C uses a mechanism which you will find reminiscent of java's command-line-argument mechanism (the "String[] args" argument to main()). There is an alternate allowable definition of main() in C and C++, whose declaration looks like this:
int main(int argc, char **argv)
"argc" stands for "argument count". It is the number of elements in "argv", "argument vector". (While "vector" and "array" mean different things in java, traditionally they are synonyms.)
While "argc" and "argv" are theoretically arbitrary parameter names, the use of the names "argc" and "argv" is so standard that you should never use any other name.
Since a string can be passed around as a value of type pointer-to-char, argv will be an array of pointers-to-char. And when argv is passed to main() by the operating system, it will decay into a pointer to its zeroth element, so the data will be of type pointer-to-pointer-to-char.
The array is one element larger than you would think. The program name itself is argv[0], so the first command-line argument is argv[1], and so on, and argc reflects the total number of items in the argv array including this argv[0]. Often we ignore argv[0] altogether, and you will undoubtedly want to ignore it for this assignment.
Example 1: Write a program which first checks that argc is at least 2, then prints the value of argv[1] (using %s). A session with this program might look like this, where '%' is your shell prompt:
% ./a.out hello, world hello, %Since "world" is argv[2], it didn't print that part. The shell (command interpreter) divides up the arguments based on spaces.
Solution:
#include <stdio.h>
int main(int argc, char **argv)
{
if (argc >= 2)
printf("%s\n", argv[1]);
return 0;
}
We check that argc >= 2 before accessing argv[1], because it is illegal to
exceed the bounds of an array in C, and it is undiagnosed...
be careful!
Example 2: Write a program which prints all of the argv values in a loop. This is like the 'echo' command in unix.
Sample session (our program is not going to be quite as tidy as 'echo', as shown here):
% echo hello, world, how are you hello, world, how are you % ./a.out hello, world, how are you hello, world, how are you %
Answer:
#include <stdio.h>
int main(int argc, char **argv)
{
int i;
for (i = 1; i < argc; i++)
printf("%s\n", argv[i]);
return 0;
}
Note the ignoring of argv[0], which would be "./a.out".
How would you use this argv stuff for assignment three?
Well, it is specified on the handout. You should expect four command-line arguments, which are the number of hosts of type 1, 2, and 3, respectively, and then the strategy number from 1 to 5.
You could do something like this. We expect argc to be 5, because it includes the argv[0] value of "./a.out" or whatever.
int main(int argc, char **argv)
{
if (argc != 5) {
printf("usage: %s nspewers npeerpairs nclientserverpairs strategy\n",
argv[0]);
return 1;
}
if ((strategy = atoi(argv[4])) < 1 || strategy > 5) {
printf("%s: strategy must be between 1 and 5 inclusive\n", argv[0]);
return 1;
}
for (i = atoi(argv[1]); i > 0; i--)
(new spewer)->schedule();
for (i = atoi(argv[2]); i > 0; i--)
(new peerpair)->schedule();
for (i = atoi(argv[3]); i > 0; i--)
(new clientserverpair)->schedule();
...
The stdlib function atoi() converts its string argument into an integer.

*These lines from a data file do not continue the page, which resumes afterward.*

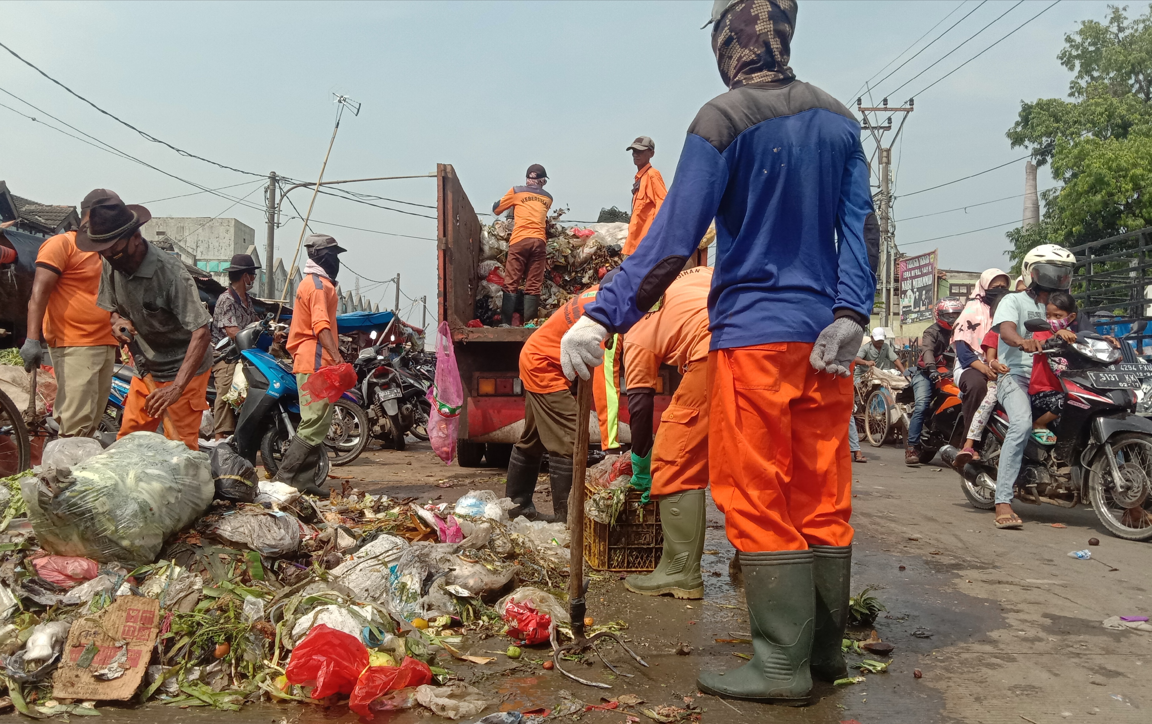 RENGASDENGKLOK, Spirit Sedikitnya 15 orang anggota TNI dari Komando Rayon Militer (Koramil) Rengasdengklok melaksanakan Jumat Bersih (Jumsih) dengan membersihkan sampah disepanjang jalan depan Pasar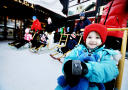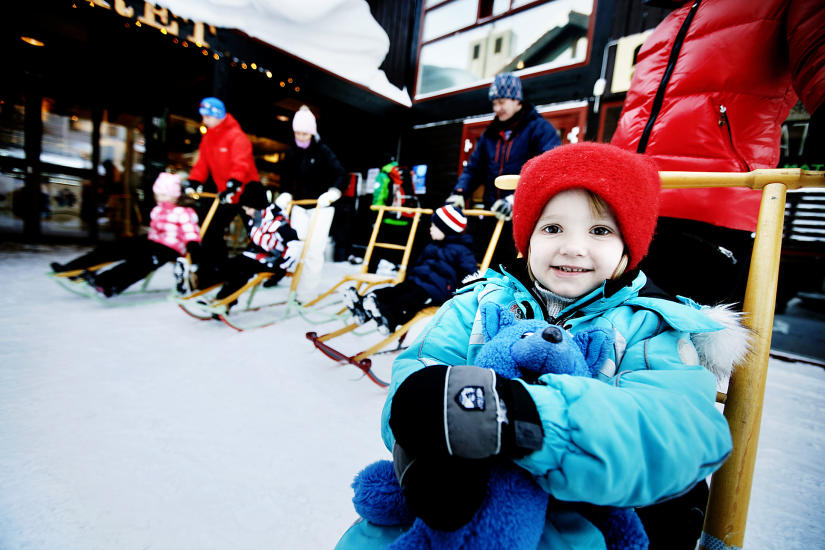 Det suses nedover en bakke, under ei bru. Kirken passeres. Snart er de forbi alpinbakken.Barna sitter på. De voksne sparker. Et sted på veien holder det på å gå galt.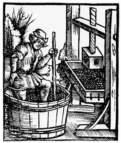 - Puis quand les douils arriveront au cellier, la vendange sera versée dans un grand cuvier et aussitôt, les raisins seront foulés au pied. C’est un travail très dur qui libère peu à peu le jus. Au bout d’un certain temps, les fouleurs pataugent dans un liquide visqueux où surnagent les pellicules, les pépins, les grappes. À ce moment seul, le haut du corps émerge mais la tête doit absolument dépasser de la cuve pour ne pas risquer de s’asphyxier avec le gaz carbonique qui se dégage. Pour les encourager et rythmer leur travail, un musicien jouera des airs entraînant avec son violon et nous l’accompagnerons de nos chants. C’est un moment très joyeux et très souvent on se met à danser autour.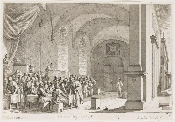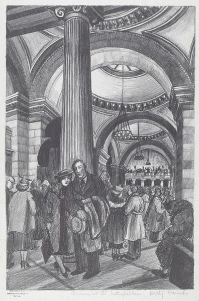 Editor: Here we have François Marius Granet's ink sketch, "Funeral," from the Harvard Art Museums. The rapid lines create a somber yet strangely ethereal mood. What strikes you about this piece? Curator: Well, the immediacy grabs me. Imagine Granet, quickly capturing the scene, the weight of the ceremony pressing down. The stark lines almost feel like a collective breath held. Doesn't it make you wonder who's in that coffin? Editor: It does. I initially just saw a crowd, but your point about the breath held makes me feel the absence more acutely. Curator: Exactly! Absence, presence... it's a dance, isn't it? Granet makes us feel both. Art is funny like that! Editor: Absolutely! Thanks, that's a good way to look at it.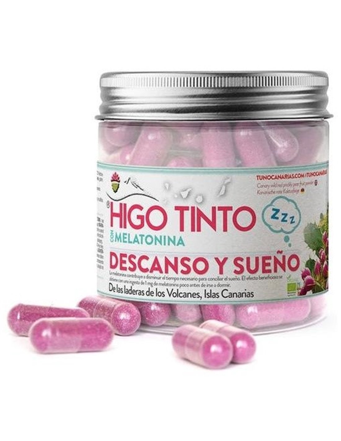 TUNO CANARIASEl Higo Tuno Canario HIGO-TINTO (Opuntia Dillenii) se cosecha en los barrancos y laderas bajo los volcanes. Crece en las hojas de los cactus Nopales traídos a Canarias hace siglos desde América donde ha sido un alimento básico durante miles de años. Un tesoro escondido de las Islas Rico en Fibra, Vitaminas B1, B2, B6, C, Potasio, Calcio, Magnesio Hierro y Zinc que ha sido usado en la medicina popular canaria y los pueblos indígenas americanos durante cientos de años. En este producto se combina con melatonina, la cual contribuye a reducir el tiempo necesario para conciliar el sueño.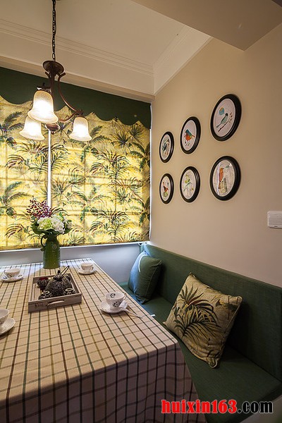 本套餐厅装饰中石膏板吊顶的设计可以带给人们一种大气感,一款黑色的铁艺吊灯低垂与餐桌上方,整体的搭配装饰效果可以带给人们一种自然的清新感,一束紫色的鲜花摆放在餐桌上更是起到了点缀的效果。

"strategy" is a hypothetical global variable here (you may prefer to call a function to set the strategy), and the above code assumes that each of your host subclasses has a member function "schedule()" which schedules the object's first event and puts it into the event queue. There's a good chance that you will change the above code, at least a little, perhaps substantially.